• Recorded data
....
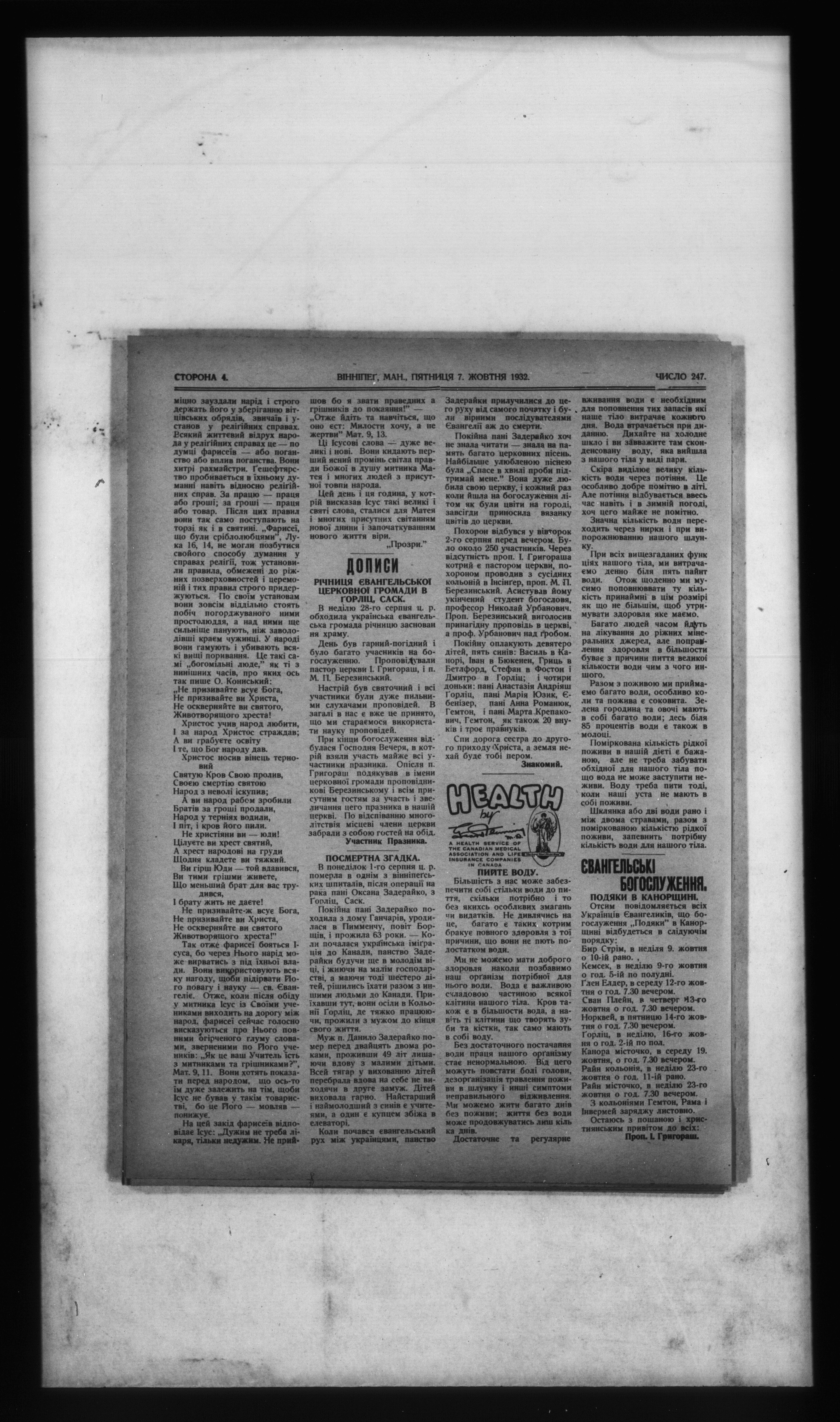 - Kanadiiskyi ranok = Canadian ranok : Chyslo 247, Rik XXVI (7 Zhovtnia 1932) = Vol. XXVI, No. 247 (October 7, 1923)
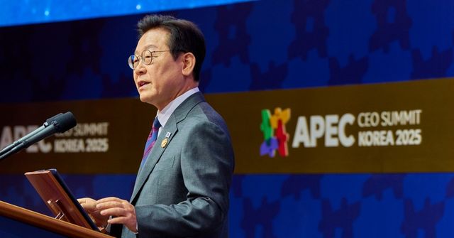 이재명 대통령이 지난 29일 경북 경주 예술의전당에서 열린 아시아태평양경제협력체(APEC) 정상회의 최고경영자(CEO) 서밋 개회식에서 특별연설을 하고 있다. / 대통령실 제공. 뉴스1
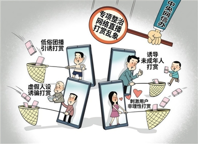 近日,为进一步加强网络直播打赏管理,中央网信办在全国范围内开展为期2个月的“清朗·整治网络直播打赏乱象”专项行动,聚焦娱乐性团播、私域直播等易滋生直播打赏乱象的重点领域,从严打击低俗团播引诱打赏等突出问题,营造良好直播生态。接下来,需多方协同配合行动推进。相关部门要从严惩处违规账号与平台,通过曝光典型案例发挥警示效应;直播平台须细化审核标准,建立健全打赏限额与消费提醒机制,畅通未成年人打赏退款与投诉举报渠道;网络主播应主动规范自身直播行为,杜绝低俗诱导、虚假人设等违规营利手段。从“流量导向”向“内容导向”转型,提升内容质量,构建长效治理机制,才是直播行业长久发展之道。
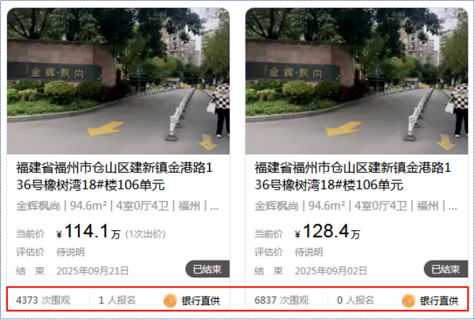 事实上,“银行直供房”除了商业产权房产外,也不乏住宅产品上架拍卖。今年9月21日,位于仓山区建新镇金港路橡树湾(现名:金辉枫尚)小区底价成交了一套94.6㎡的住宅,总价约114.1万,折合单价约12061元/㎡。
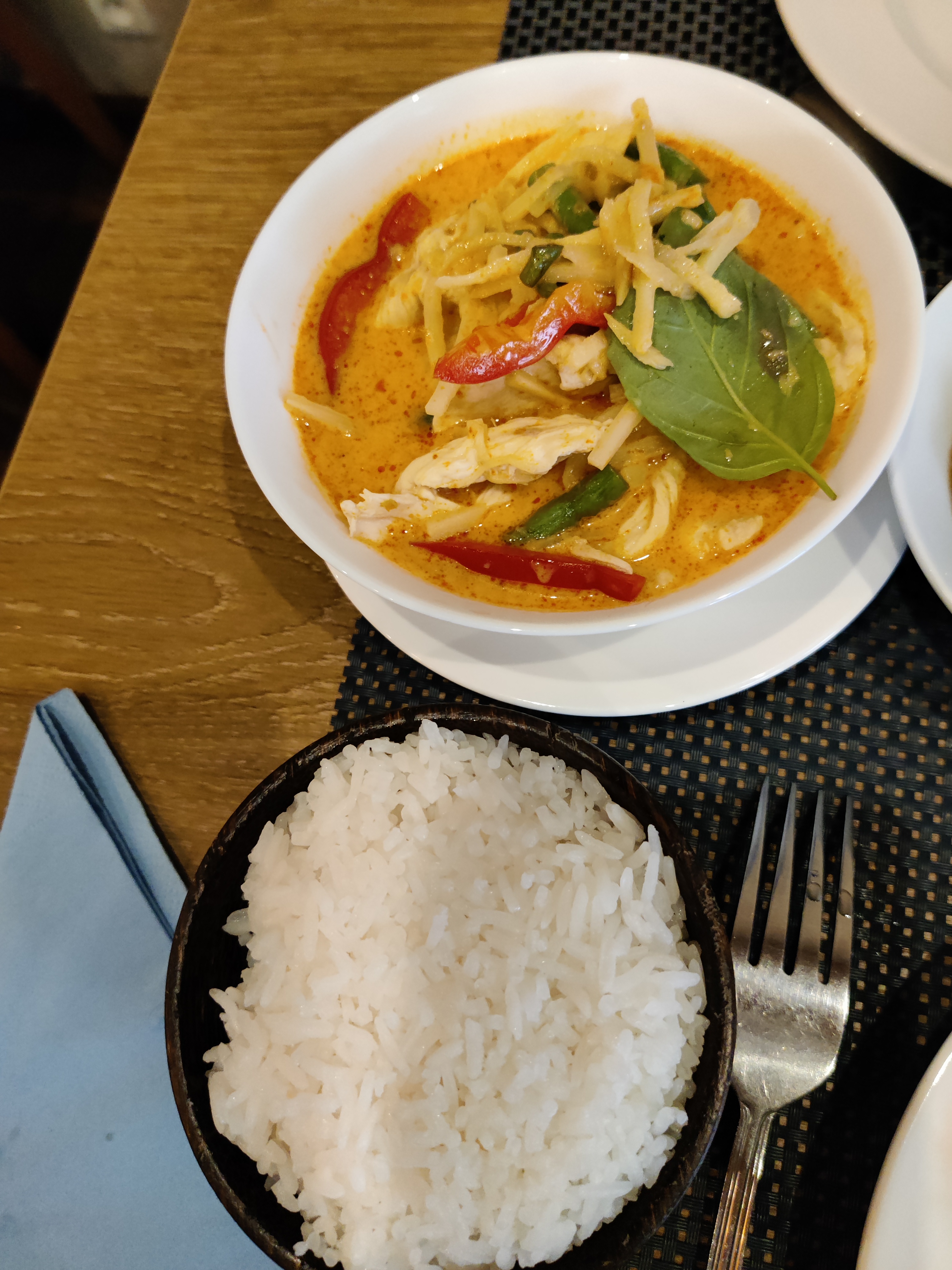 Service très rapide et efficace, plats très bons avec les ingrédients et la saveur thailandaise (ex. cury rouge poulet coco). Le prix est raisonnable comparé aux tarifs parisiens.
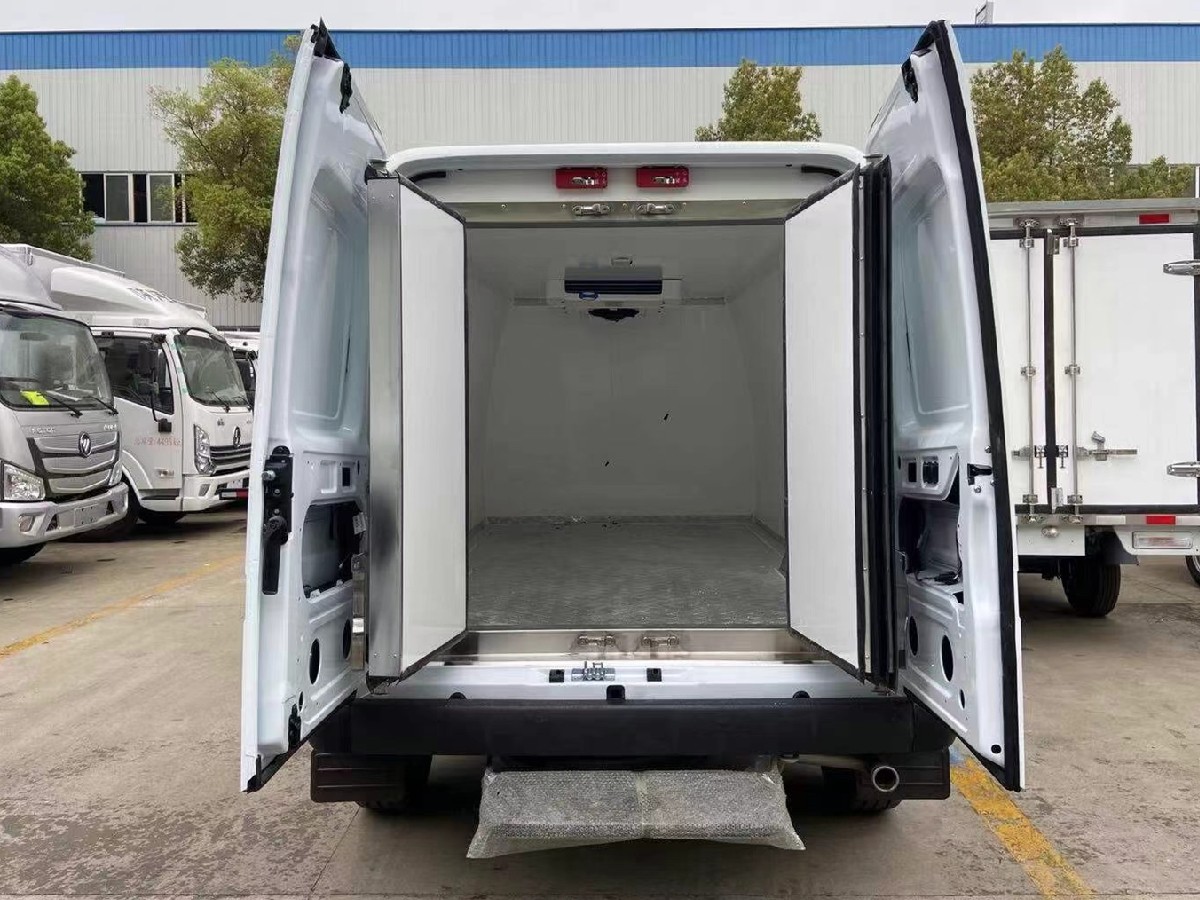 (2)廂板材質:內外壁板選用國內優質玻璃鋼(不吸光、隔熱性好、硬度強、抗氧化);中間保溫層為XPS擠塑聚笨板;廂體厚度8CM。地板采用鋁花紋板,門邊條采用迷宮式橡膠密封條。
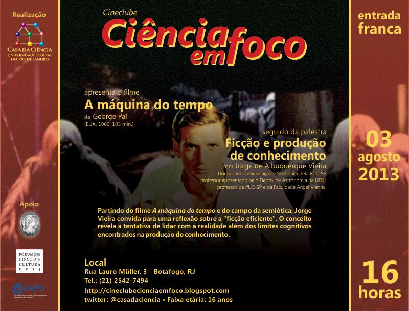 Ciência em Foco, no primeiro sábado de agosto, apresenta A máquina do Tempo, filme de George Pal, seguido da palestra “Ficção e produção de conhecimento”, com Jorge de Albuquerque Vieira, Doutor em Comunicação e Semiótica pela PUC-SP, professor aposentado pelo Departamento de Astronomia da UFRJ, professor da PUC-SP e da Faculdade Angel Vianna.
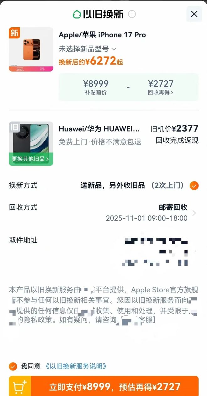 这名博主表示,9月13日,自己在电商平台上的苹果旗舰店以以旧换新形式购买了一台iPhone 17 Pro Max;同时经平台官方的以旧换新服务评估,其旧手机回收价为4488元。
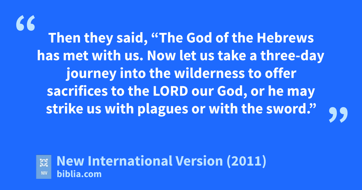 3 Then they said, “The God of the Hebrews has met with us. Now let us take a three-day journeyn into the wilderness to offer sacrifices to the Lord our God, or he may strike us with plagueso or with the sword.”
....
• Task prompt
When you copy the entries, keep every word exactly as it stands and drop any pictures.

• Answer box
 - Kanadiiskyi ranok = Canadian ranok : Chyslo 247, Rik XXVI (7 Zhovtnia 1932) = Vol. XXVI, No. 247 (October 7, 1923)
 이재명 대통령이 지난 29일 경북 경주 예술의전당에서 열린 아시아태평양경제협력체(APEC) 정상회의 최고경영자(CEO) 서밋 개회식에서 특별연설을 하고 있다. / 대통령실 제공. 뉴스1
 近日,为进一步加强网络直播打赏管理,中央网信办在全国范围内开展为期2个月的“清朗·整治网络直播打赏乱象”专项行动,聚焦娱乐性团播、私域直播等易滋生直播打赏乱象的重点领域,从严打击低俗团播引诱打赏等突出问题,营造良好直播生态。接下来,需多方协同配合行动推进。相关部门要从严惩处违规账号与平台,通过曝光典型案例发挥警示效应;直播平台须细化审核标准,建立健全打赏限额与消费提醒机制,畅通未成年人打赏退款与投诉举报渠道;网络主播应主动规范自身直播行为,杜绝低俗诱导、虚假人设等违规营利手段。从“流量导向”向“内容导向”转型,提升内容质量,构建长效治理机制,才是直播行业长久发展之道。
 事实上,“银行直供房”除了商业产权房产外,也不乏住宅产品上架拍卖。今年9月21日,位于仓山区建新镇金港路橡树湾(现名:金辉枫尚)小区底价成交了一套94.6㎡的住宅,总价约114.1万,折合单价约12061元/㎡。
 Service très rapide et efficace, plats très bons avec les ingrédients et la saveur thailandaise (ex. cury rouge poulet coco). Le prix est raisonnable comparé aux tarifs parisiens.
 (2)廂板材質:內外壁板選用國內優質玻璃鋼(不吸光、隔熱性好、硬度強、抗氧化);中間保溫層為XPS擠塑聚笨板;廂體厚度8CM。地板采用鋁花紋板,門邊條采用迷宮式橡膠密封條。
 Ciência em Foco, no primeiro sábado de agosto, apresenta A máquina do Tempo, filme de George Pal, seguido da palestra “Ficção e produção de conhecimento”, com Jorge de Albuquerque Vieira, Doutor em Comunicação e Semiótica pela PUC-SP, professor aposentado pelo Departamento de Astronomia da UFRJ, professor da PUC-SP e da Faculdade Angel Vianna.
 这名博主表示,9月13日,自己在电商平台上的苹果旗舰店以以旧换新形式购买了一台iPhone 17 Pro Max;同时经平台官方的以旧换新服务评估,其旧手机回收价为4488元。
 3 Then they said, “The God of the Hebrews has met with us. Now let us take a three-day journeyn into the wilderness to offer sacrifices to the Lord our God, or he may strike us with plagueso or with the sword.”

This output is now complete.